First direct measurement of both $T_1$ and $T_2$ relaxation times in single-wall carbon nanotubes across a broad temperature range.

Findings

$T_1^{-1}$ increases linearly with temperature, following Korringa law.

$T_2^{-1}$ decreases with temperature, indicating motional narrowing.

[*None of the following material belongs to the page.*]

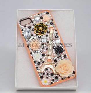 A beautiful case that will be a great addition to your case collection. With a lovely variation of peach, black and clear rhinestones, this case is a for sure treasure. Fits iphone 5/s; This case will be shipped in the gift box as depicted above.Only one case In stock , if you would like a larger order please allow time for assembly of the desired amount of cases. Thank you.

Hopping frequency of spins is approximately 285 GHz.

Abstract

We have measured temperature ($T$)- and power-dependent electron spin resonance in bulk single-wall carbon nanotubes to determine both the spin-lattice and spin-spin relaxation times, $T_1$ and $T_2$. We observe that $T_1^{-1}$ increases linearly with $T$ from 4 to 100 K, whereas $T_2^{-1}$ {\em decreases} by over a factor of two when $T$ is increased from 3 to 300 K. We interpret the $T_1^{-1} \propto T$ trend as spin-lattice relaxation via interaction with conduction electrons (Korringa law) and the decreasing $T$ dependence of $T_2^{-1}$ as motional narrowing. By analyzing the latter, we find the spin hopping frequency to be 285 GHz. Last, we show that the Dysonian lineshape asymmetry follows a three-dimensional variable-range hopping behavior from 3 to 20 K; from this scaling relation, we extract a localization length of the hopping spins to be $\sim$100 nm.